Ortega tenía razón: los toros como espejo de España

EL REPASO

La extraordinaria concurrencia del público a las plazas –que no siempre va pareja al nivel de los toreros- es el certificado más válido de una reacción protaurina que esconde otras variables

¿Qué pasó con la Feria Mundial del Toro?

El Repaso: Morante, la mirada inmóvil

Roca Rey, rodeado de una multitud de jóvenes, en la pasada feria de Córdoba.
Roca Rey, rodeado de una multitud de jóvenes, en la pasada feria de Córdoba. / Joaquín Arjona/Lances De Futuro

La semana pasada esbozábamos la idea y prometimos ampliarla: para entender la historia y la realidad de España no se puede perder de vista lo que acontece en las plazas de toros, entendidas como espejos de la propia sociedad. Hace siete días recordábamos los llenazos de Sevilla; las impresionantes entradas de Madrid, incluyendo el fiasco de este mismo fin de semana, y hasta la recuperación taurina de plazas criogenizadas como las de Marbella y Cáceres. La revitalización taurina es evidente e incontestable y ha encontrado en la juventud un ariete desacomplejado que demanda –eso también- un poquito de educación taurina para moderar la sed y crecer como aficionados.

Pero el meollo de la cuestión es otro y vuelve a dar la razón a Ortega y Gasset que escribió un día que “no se puede comprender la historia de España, desde 1650 hasta hoy, quien no se haya construido con rigurosa construcción la historia de las corridas de toros en el sentido estricto del término”. La sentencia no puede ser más certera y permanece vigente: la respuesta al ataque de un ministro sectario –de escasísimo apoyo electoral y colocado por mero oportunismo político- ha sido llenar las plazas y refrescar ciertas esencias, abrazar nuestras señas de identidad. También lo dijimos en El Repaso de la pasada semana: el aire podría estar dando la vuelta…

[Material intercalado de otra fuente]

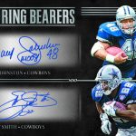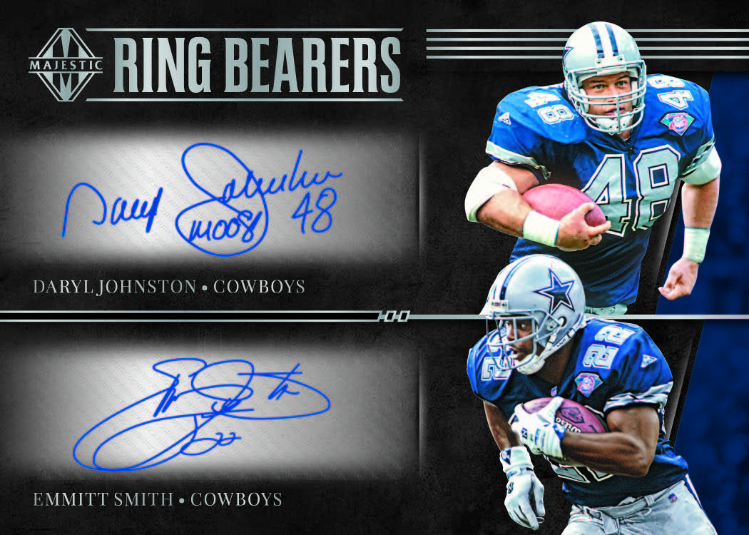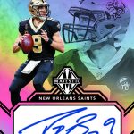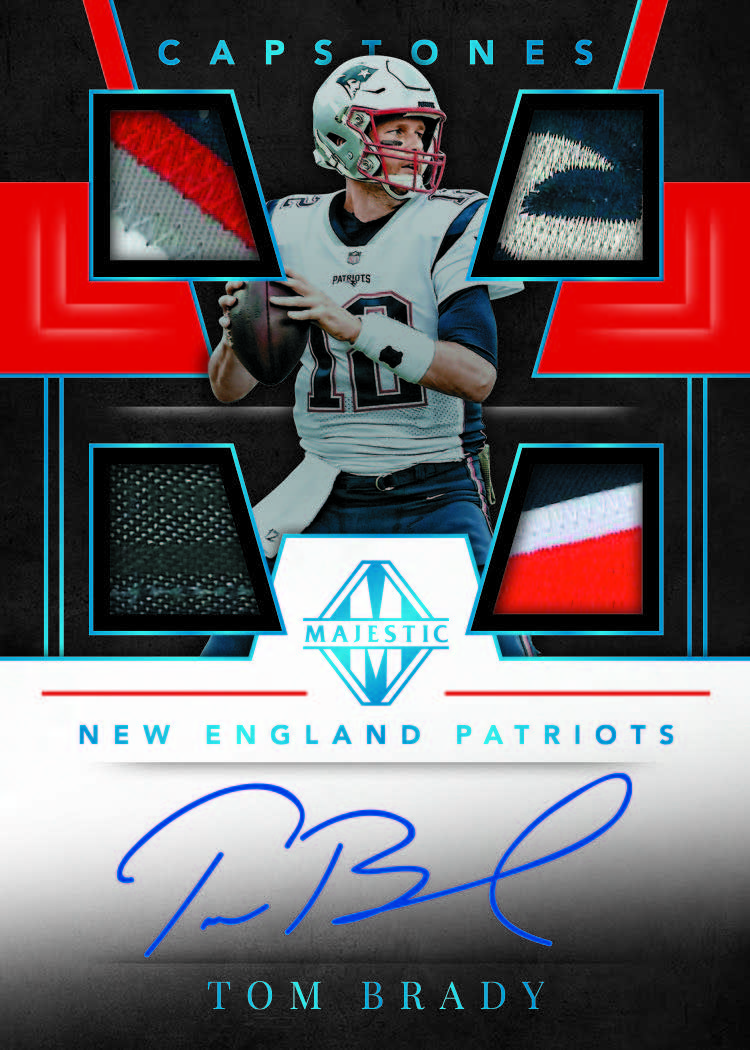 The Basics: There will be one base card and one parallel card per box atop of the hits in this third release for the brand, which will have a base set (/75) with four parallels -- Gold (/50), Holo Silver (/25), Holo Gold (/5) and 1/1 Platinum. ... Among the autographed cards here will be Capstones, Scripted Swatches Royal Signatures, Rookie Signatures, Highly Revered, Ring Bearers and Mystic Marks. Capstones (/99) will have Gold (/49), Holo Silver (/10), Holo Gold (/5) and 1/1 Platinum parallels, while the Rookie Scripted Swatches (/199) will have those same parallels. Royal Signatures will spotlight the best past and present players and be limited to just 99 copies with the same parallels but with Golds capped at 25 max. Majestic Rookie Signatures (/199) will have the same but with Golds at 99. ... Highly Reverend and Mystic Marks will be among the rarest at just 10 copies per standard card in each set and just two copies per Gold parallel with a 1/1 Platinum version. Ring Bearers also will be tough at five copies per card with Gold (/3) and 1/1 Platinums in the mix. ... Rookie Materials cards will be limited to no more than 49 copies with Gold (/25) and 1/1 Platinum versions. ... Other auto sets will include Magnificent Signatures, Marvelous Signatures and Imposing Signatures, while memorabilia fans can also hunt for Astonishing Arms, Distinguished Defenders, Unsung Warriors, Show Stoppers, Icons and Exalted Triple Materials cards. ... Other multi-auto cards will include Hall of Fame Descent Duals, Team Signs Duals, Super Bowl Teammate Duals and Team Signs Triples. ... The suggested retail price on these boxes is $300.

No se trata de hablar de siglas políticas, de izquierdas o de derechas. El asunto trasciende las miserias del lamentable clase dirigente que soportamos –algo debimos hacer mal en otra vida- con la paciencia de santo Job. Hablamos de una manera de ser y entender la vida, de relacionarse con el agro y la naturaleza; de unos valores ancestrales que entran en confrontación con esa dictadura del pensamiento único en la que entran factores más que discutibles como el animalismo, el veganismo o ese ecologismo despótico que nunca se ha parado a escuchar a los hombres del campo.

Reflejos y paralelismos

Estas reflexiones nos prestan la excusa para dar un repasito a la historia de España y trazar, aunque sea de forma apresurada, algunos paralelismos interesantes. Podríamos partir de la retirada del gran Guerrita que marcó el cambio de siglo y echó el telón a toda una época de la historia del toreo. 1898 había sido el rompeolas de todos los desastres hispanos; la liquidación de las últimas migajas de un imperio en el que un día no se puso el sol. A la pérdida de las últimas colonias se unió el espíritu pesimista de un puñado de intelectuales que veían en el mundo de los toros –con todo el universo tipista o flamenquista- otro síntoma más de la decadencia del mundo hispano. Guerrita se iba a retirar un año después, en la feria del Pilar de 1899. Concluía el imperio de ultramar pero también se cerraba su el califato absoluto. Las decadencias -en el toreo y el solar patrio- iban a ser paralelas...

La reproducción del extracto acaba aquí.